# Caractéristiques avancées pour la détection de pneumonie

Constatant que le fine-tuning des hyperparamètres de Random Forest ne permet pas de dépasser 82% d'accuracy, nous explorons dans ce notebook l'extraction de caractéristiques avancées avec HOG (Histogram of Oriented Gradients) et LBP (Local Binary Patterns).

## Pourquoi ces descripteurs améliorent les performances

Contrairement aux statistiques simples (moyennes, écarts-types) qui ne capturent que des informations globales, HOG et LBP extraient:
- **Contours et structures** (HOG): détecte les gradients d'intensité révélateurs des opacités pneumoniques
- **Textures locales** (LBP): capture les motifs subtils des infiltrats et altérations tissulaires

La combinaison HOG+LBP offre une représentation complémentaire et bien plus riche des radiographies, permettant au même algorithme Random Forest d'atteindre des performances nettement supérieures.

In [None]:
import os
import numpy as np
import pandas as pd
import matplotlib.pyplot as plt
from PIL import Image
import time
import pickle

from skimage.feature import hog, local_binary_pattern
from skimage import exposure

from sklearn.ensemble import RandomForestClassifier
from sklearn.metrics import accuracy_score, precision_score, recall_score, f1_score
from sklearn.metrics import confusion_matrix, classification_report, roc_curve, auc

%matplotlib inline
plt.style.use('seaborn-v0_8-whitegrid')


# Vérification des dossiers

In [None]:
models_dir = 'models'
if not os.path.exists(models_dir):
    os.makedirs(models_dir)
    print(f"Dossier '{models_dir}' créé avec succès.")
else:
    print(f"Le dossier '{models_dir}' existe déjà.")
    
preprocessed_base = 'preprocessed_chest_xray'
train_dir = os.path.join(preprocessed_base, 'train')
val_dir = os.path.join(preprocessed_base, 'val')
test_dir = os.path.join(preprocessed_base, 'test')

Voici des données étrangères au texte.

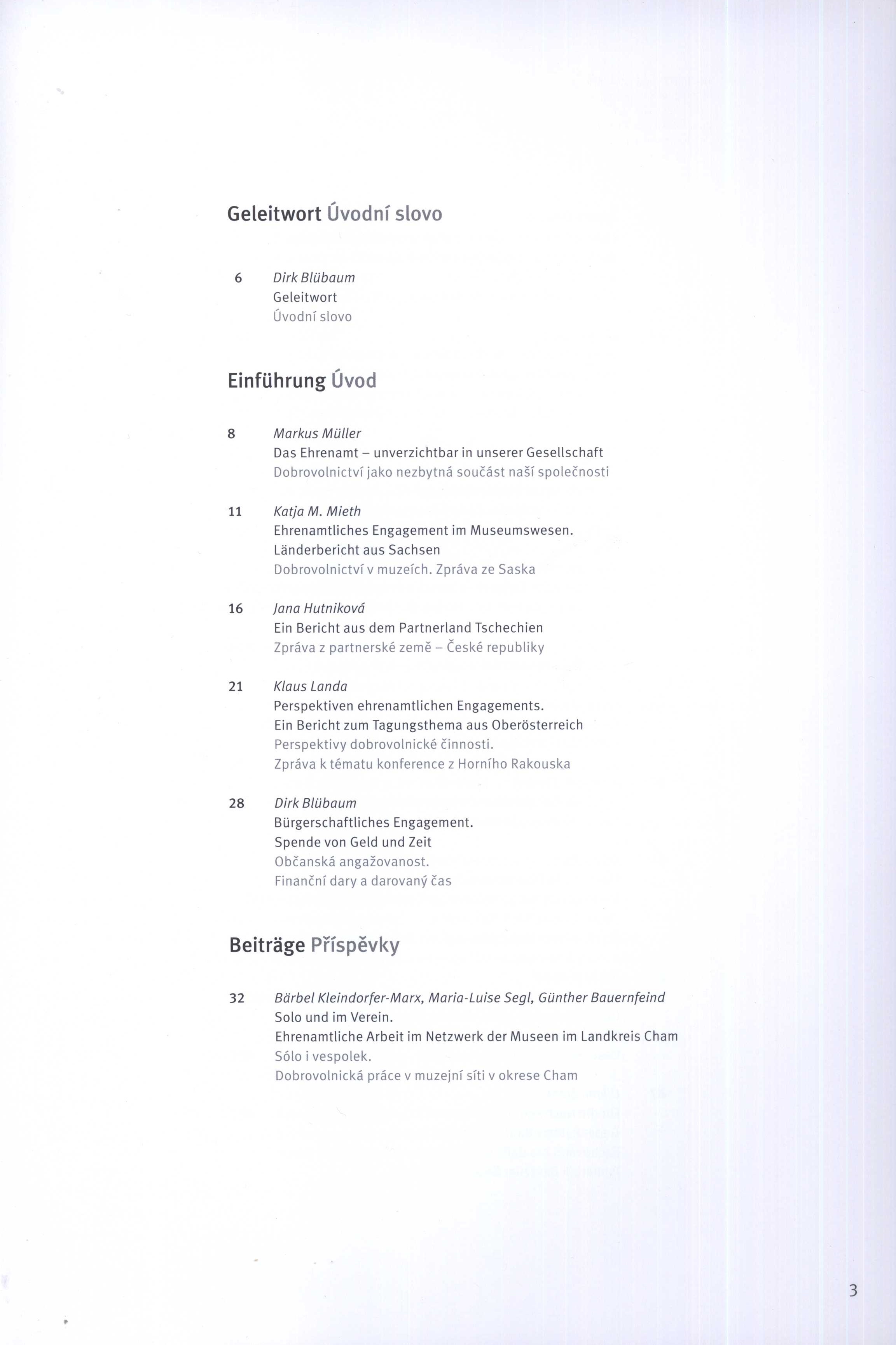 Názvové údaje Museum Bulletin Muzeum. 29, Einsatz im Museum. Perspektiven ehrenamtlichen Engagements: 29. internationale Tagung bayerischer, böhmischer, oberösterreichischer und sächsischer Museumsfachleute 13. bis 15. September 2020, Cham = Angažovanost v muzeu. Perspektivy dobrovolnické činnosti: 29. konference bavorských, českých, hornorakouských a saských odborných pracovníků muzeí 13. až 15. září 2020, Cham Übersetzungen Gudrun Heißig (München), Martina Stocker (Ergoldsbach) Záhlaví-akce Einsatz im Museum : Perspektiven ehrenamtlichen Engagements (konference) (2020 : Cham, Německo) (Autor) Další autoři Stocker, Martina, 1978- (Překladatel) Heissig, Gudrun (Překladatel) Korp. Asociace muzeí a galerií České republiky (Praha) (Organizátor akce) Landesstelle für die nichtstaatlichen Museen in Bayern (Organizátor akce) Verbund Oberösterreichischer Museen (Organizátor akce) (Nakladatel, vydavatel) Roč., číslo 29, 2021 Další var.názvy Einsatz im Museum. Perspektiven ehrenamtlichen Engagements Angažovanost v muzeu. Perspektivy dobrovolnické činnosti Nakladatel München : Landesstelle für die nichtstaatlichen Museen in Bayern, 2021 Rozsah 135 stran : fotografie (barevné), portréty ; 30 cm ISBN 978-3-9818259-5-4 (brožováno) Země vyd. Česko * Německo Jazyk dok. němčina * čeština Poznámky Barevné fotografie a portréty. - Souběžný český text. - Sborník příspěvků z 29. konference bavorských, českých, hornorakouských a saských odborných pracovníků muzeí 13. až 15. září 2020, Cham

for directory in [train_dir, val_dir, test_dir]:
    if not os.path.exists(directory):
        print(f"Attention: Le dossier {directory} n'existe pas!")
    else:
        normal_count = len(os.listdir(os.path.join(directory, 'NORMAL')))
        pneumonia_count = len(os.listdir(os.path.join(directory, 'PNEUMONIA')))
        print(f"{directory}: {normal_count} images normales, {pneumonia_count} images pneumonie")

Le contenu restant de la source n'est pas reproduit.